Records for this task: Begin
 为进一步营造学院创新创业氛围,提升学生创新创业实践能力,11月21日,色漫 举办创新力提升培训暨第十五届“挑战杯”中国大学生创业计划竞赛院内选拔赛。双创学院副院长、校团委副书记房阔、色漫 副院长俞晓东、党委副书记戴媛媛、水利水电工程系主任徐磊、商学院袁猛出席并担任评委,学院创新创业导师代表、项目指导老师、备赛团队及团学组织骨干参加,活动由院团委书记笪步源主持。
Records for this task: End
Records for this task: Begin
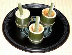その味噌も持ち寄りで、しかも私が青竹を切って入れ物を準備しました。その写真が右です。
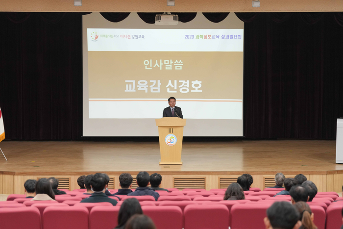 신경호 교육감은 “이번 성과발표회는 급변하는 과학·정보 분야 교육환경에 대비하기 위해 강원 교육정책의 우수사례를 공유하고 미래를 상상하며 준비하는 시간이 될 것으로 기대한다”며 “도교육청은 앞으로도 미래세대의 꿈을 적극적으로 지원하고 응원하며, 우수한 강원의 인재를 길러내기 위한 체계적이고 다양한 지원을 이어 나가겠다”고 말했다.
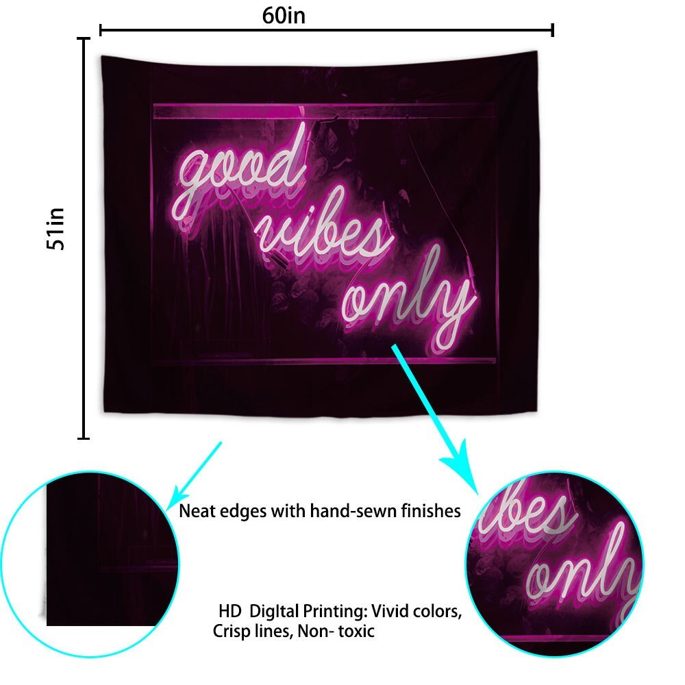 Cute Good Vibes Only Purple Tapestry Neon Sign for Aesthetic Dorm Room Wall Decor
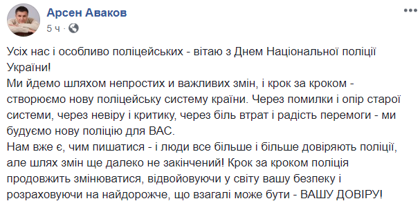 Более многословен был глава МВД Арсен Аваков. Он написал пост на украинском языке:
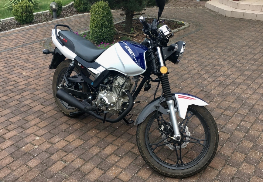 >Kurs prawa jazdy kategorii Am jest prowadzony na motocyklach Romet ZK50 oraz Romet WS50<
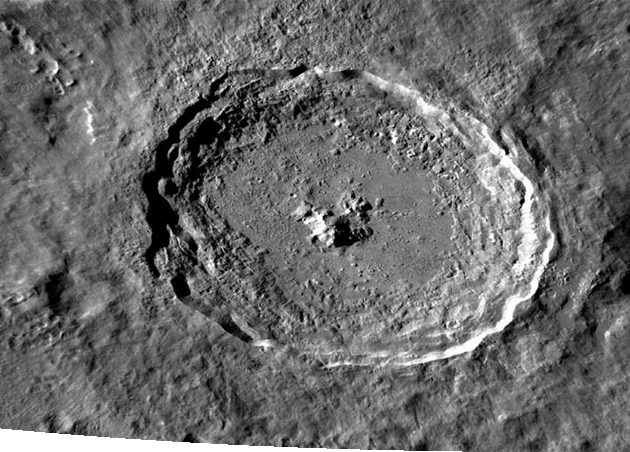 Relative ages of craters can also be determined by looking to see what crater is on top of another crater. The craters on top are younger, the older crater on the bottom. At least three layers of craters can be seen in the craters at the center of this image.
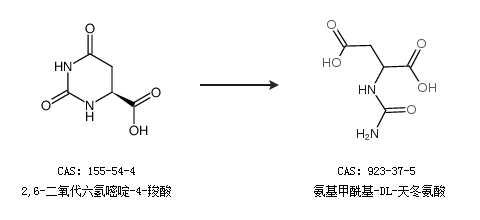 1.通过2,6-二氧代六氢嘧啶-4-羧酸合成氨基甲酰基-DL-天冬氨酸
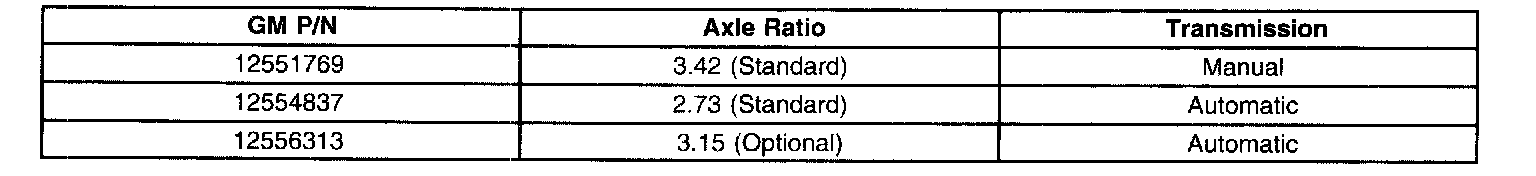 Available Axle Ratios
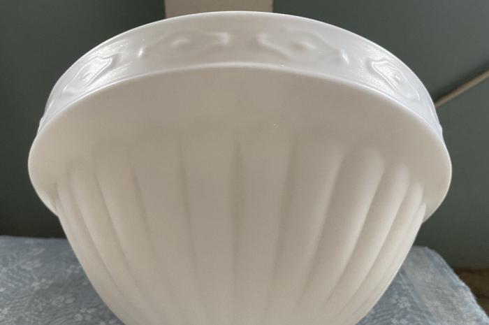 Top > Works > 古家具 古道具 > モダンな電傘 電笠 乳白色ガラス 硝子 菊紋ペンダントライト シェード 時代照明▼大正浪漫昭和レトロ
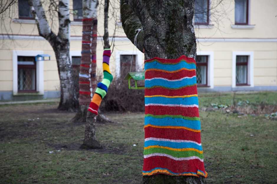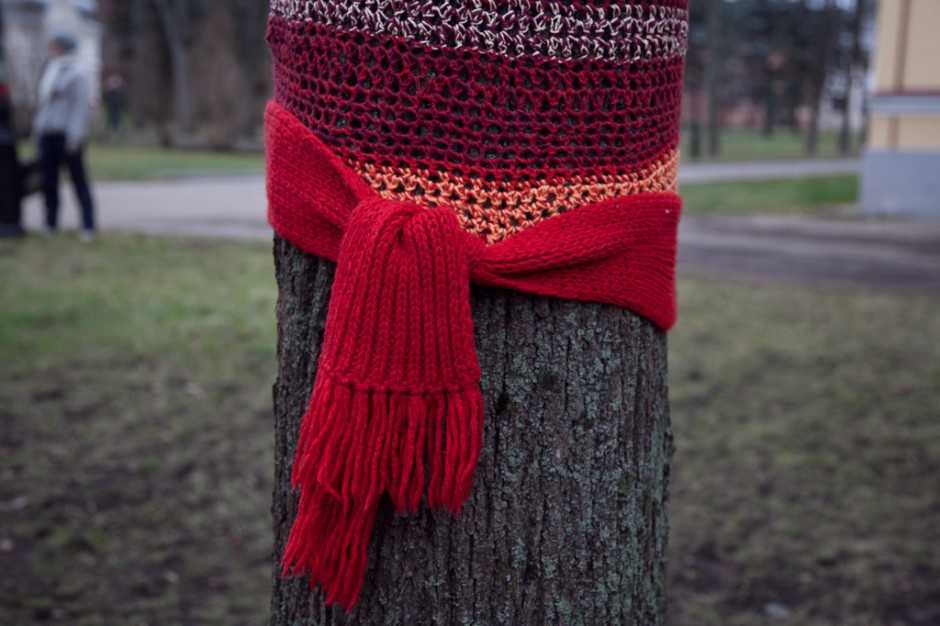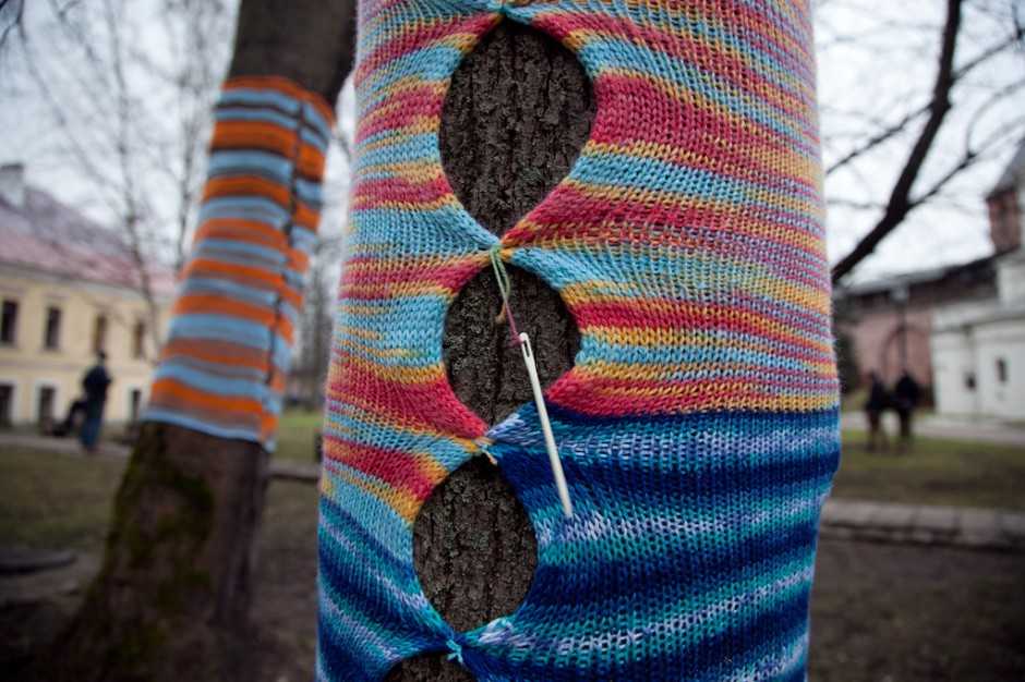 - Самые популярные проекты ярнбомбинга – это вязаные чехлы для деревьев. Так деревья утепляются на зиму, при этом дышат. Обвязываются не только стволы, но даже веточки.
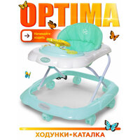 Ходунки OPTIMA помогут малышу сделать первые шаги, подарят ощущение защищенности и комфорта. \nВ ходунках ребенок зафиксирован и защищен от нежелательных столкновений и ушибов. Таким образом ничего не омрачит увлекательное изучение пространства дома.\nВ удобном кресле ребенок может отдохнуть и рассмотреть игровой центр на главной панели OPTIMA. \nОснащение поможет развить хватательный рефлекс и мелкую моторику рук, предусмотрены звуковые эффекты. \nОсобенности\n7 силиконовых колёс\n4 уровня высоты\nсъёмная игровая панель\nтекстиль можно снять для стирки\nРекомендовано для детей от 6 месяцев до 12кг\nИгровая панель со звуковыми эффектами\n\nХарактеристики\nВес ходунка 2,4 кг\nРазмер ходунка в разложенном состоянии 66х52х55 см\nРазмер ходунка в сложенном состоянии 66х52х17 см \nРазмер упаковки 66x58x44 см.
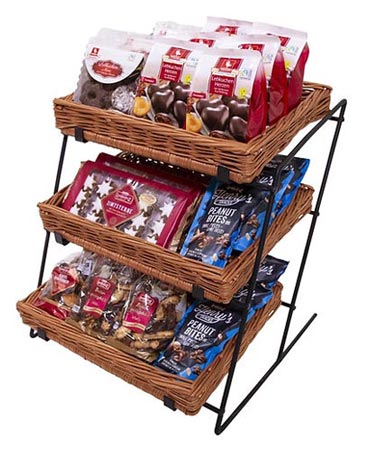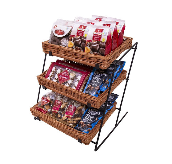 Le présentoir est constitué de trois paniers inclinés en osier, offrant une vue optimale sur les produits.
Records for this task: End
Records for this task: Begin
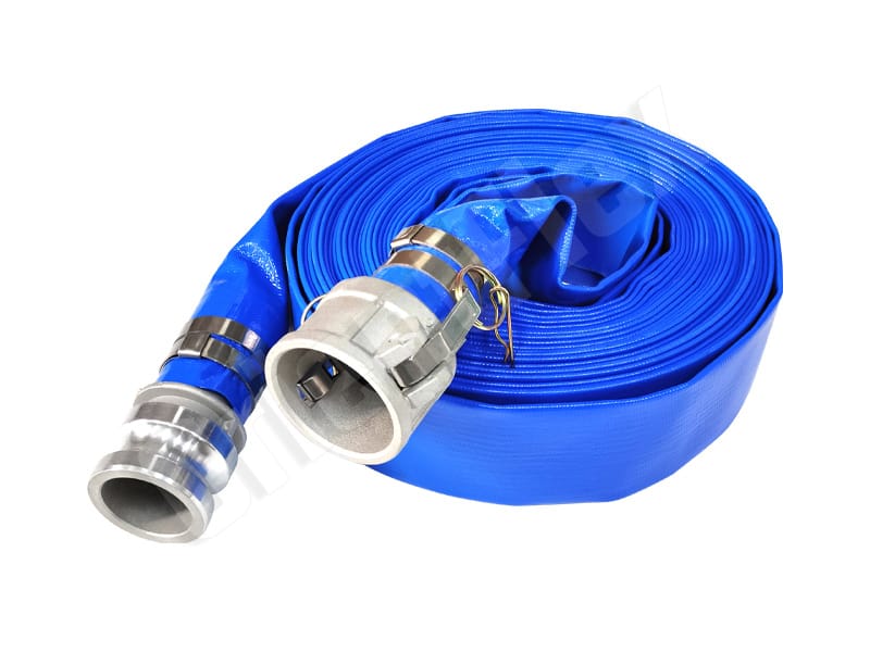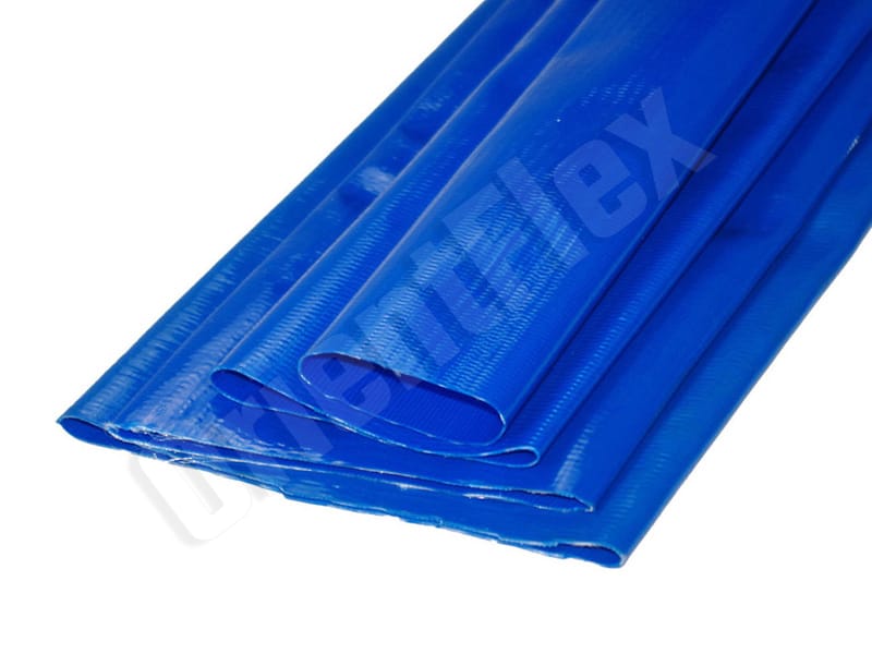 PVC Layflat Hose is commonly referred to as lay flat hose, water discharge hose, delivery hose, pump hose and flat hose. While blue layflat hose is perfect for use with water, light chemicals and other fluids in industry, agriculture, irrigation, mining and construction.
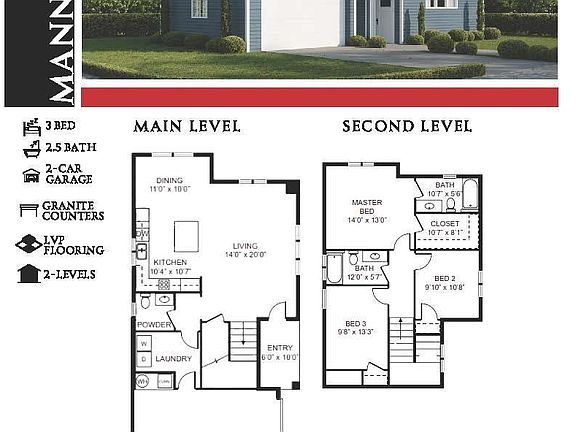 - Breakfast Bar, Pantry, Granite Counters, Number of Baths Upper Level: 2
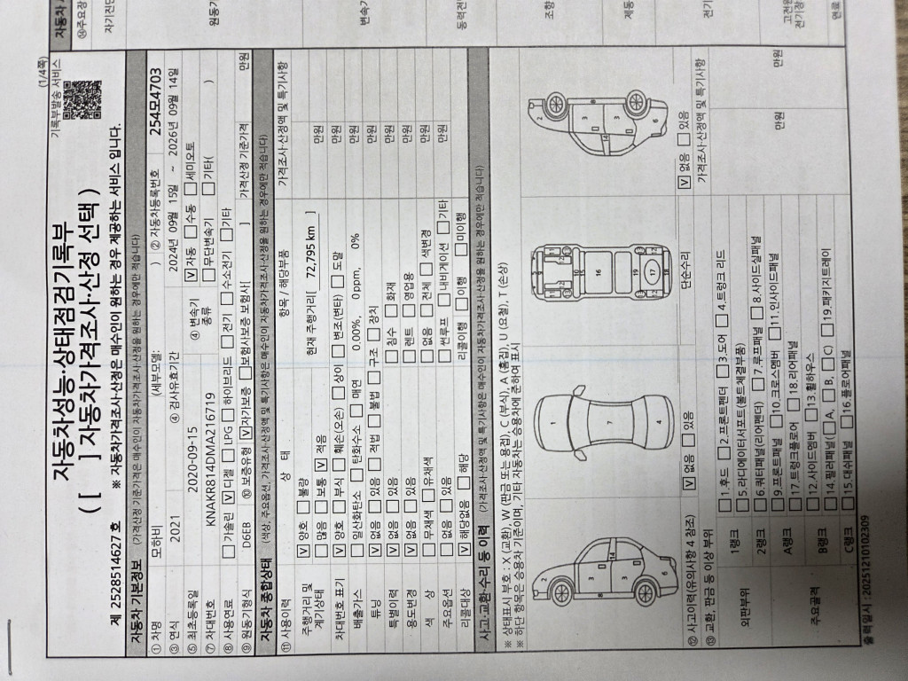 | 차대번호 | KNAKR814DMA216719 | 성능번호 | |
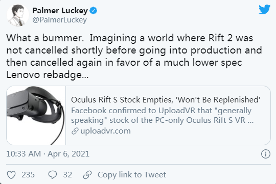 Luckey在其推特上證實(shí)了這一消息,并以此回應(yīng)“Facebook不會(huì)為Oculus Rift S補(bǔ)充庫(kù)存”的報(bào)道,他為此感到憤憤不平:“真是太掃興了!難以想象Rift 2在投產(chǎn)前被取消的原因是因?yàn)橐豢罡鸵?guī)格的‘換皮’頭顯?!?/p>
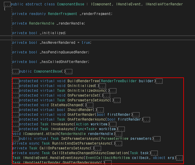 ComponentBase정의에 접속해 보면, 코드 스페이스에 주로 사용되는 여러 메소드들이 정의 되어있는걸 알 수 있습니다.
Records for this task: End
Instructions to follow: Copy only the lines above from the one containing "Top > Works" through the one containing "Ходунки OPTIMA помогут", both included. Leave out the pictures.

Response for this exercise:
 Top > Works > 古家具 古道具 > モダンな電傘 電笠 乳白色ガラス 硝子 菊紋ペンダントライト シェード 時代照明▼大正浪漫昭和レトロ
 - Самые популярные проекты ярнбомбинга – это вязаные чехлы для деревьев. Так деревья утепляются на зиму, при этом дышат. Обвязываются не только стволы, но даже веточки.
 Ходунки OPTIMA помогут малышу сделать первые шаги, подарят ощущение защищенности и комфорта. \nВ ходунках ребенок зафиксирован и защищен от нежелательных столкновений и ушибов. Таким образом ничего не омрачит увлекательное изучение пространства дома.\nВ удобном кресле ребенок может отдохнуть и рассмотреть игровой центр на главной панели OPTIMA. \nОснащение поможет развить хватательный рефлекс и мелкую моторику рук, предусмотрены звуковые эффекты. \nОсобенности\n7 силиконовых колёс\n4 уровня высоты\nсъёмная игровая панель\nтекстиль можно снять для стирки\nРекомендовано для детей от 6 месяцев до 12кг\nИгровая панель со звуковыми эффектами\n\nХарактеристики\nВес ходунка 2,4 кг\nРазмер ходунка в разложенном состоянии 66х52х55 см\nРазмер ходунка в сложенном состоянии 66х52х17 см \nРазмер упаковки 66x58x44 см.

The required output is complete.